WHAT THE EXERCISE ASKS
What is needed is an exact repetition of the lines from the first one in the data through the line with "Remington, Palma Match, .22", with no pictures.

DATA SEGMENT

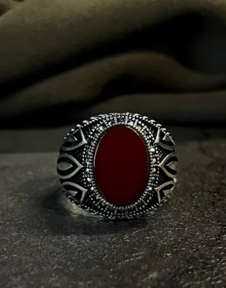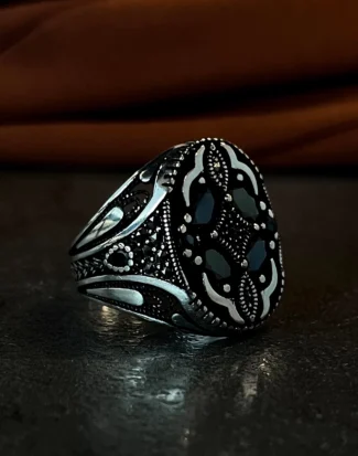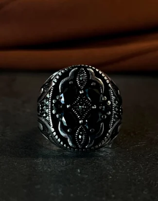 Tasarımda kullanılan ve gücü simgeleyen geometrik motifler, sürekliliği ve sarsılmaz bir iradeyi temsil ederken aynı zamanda modern mimariden ilham alan köşeli bir estetik sunar. Parlak gümüşün doğal asaleti ile karanlık tonların yarattığı kontrast, tasarıma maskülen bir enerji ve hükmeden bir karakter kazandırır. Bu yüzük, sadece görsel bir aksesuar değil, aynı zamanda takan kişinin karizmasını ve sahip olduğu sarsılmaz “otorite”yi yansıtan sessiz bir stil öğesidir. Gösterişten uzak ama iddiasını her ortamda hissettiren yapısıyla, güçlü ama sofistike bir ifade sunar.
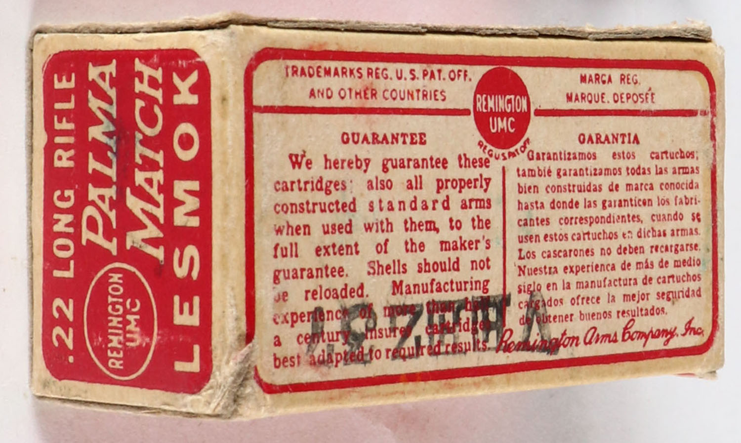 Remington, Palma Match, .22 Long Rifle, RHWeb: REM-52 LR-5b, Full, 1pc. Red & buff box, box is solid with excellent color, very minor age soiling & corner wear, edges are crisp, end flaps are solid, ammo is excellent. Grade: Excellent + - Value: 10 to 40
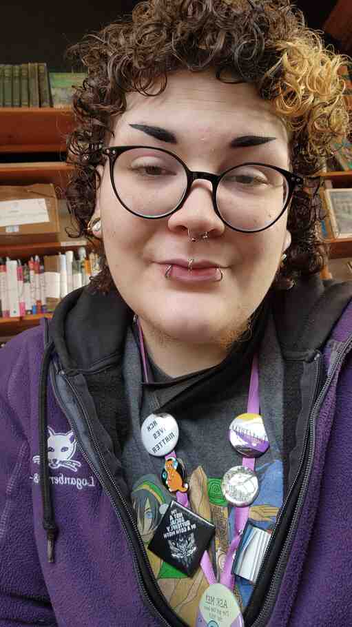 Cat (she/her) has loved Loganberry for many years and is thrilled to be among the ranks of wonderful folks here. She oversees the children’s section of the store as well as the card and tchotchke displays and buying. Cat is a Cleveland native but moved back in the Fall of 2022 after living in Chicago for nine years. She holds a Bachelor’s in Specialized Studies from Ohio University, and a Bachelor’s in American Sign Language – English Interpretation from Columbia College Chicago. She is passionate about accessibility and equity, mental health, social justice, and LGBTQ+ rights. Cat hopes to earn a Master’s degree in a field relating to one (or all) of these things someday. Come say hi!

TASK OUTPUT
 Tasarımda kullanılan ve gücü simgeleyen geometrik motifler, sürekliliği ve sarsılmaz bir iradeyi temsil ederken aynı zamanda modern mimariden ilham alan köşeli bir estetik sunar. Parlak gümüşün doğal asaleti ile karanlık tonların yarattığı kontrast, tasarıma maskülen bir enerji ve hükmeden bir karakter kazandırır. Bu yüzük, sadece görsel bir aksesuar değil, aynı zamanda takan kişinin karizmasını ve sahip olduğu sarsılmaz “otorite”yi yansıtan sessiz bir stil öğesidir. Gösterişten uzak ama iddiasını her ortamda hissettiren yapısıyla, güçlü ama sofistike bir ifade sunar.
 Remington, Palma Match, .22 Long Rifle, RHWeb: REM-52 LR-5b, Full, 1pc. Red & buff box, box is solid with excellent color, very minor age soiling & corner wear, edges are crisp, end flaps are solid, ammo is excellent. Grade: Excellent + - Value: 10 to 40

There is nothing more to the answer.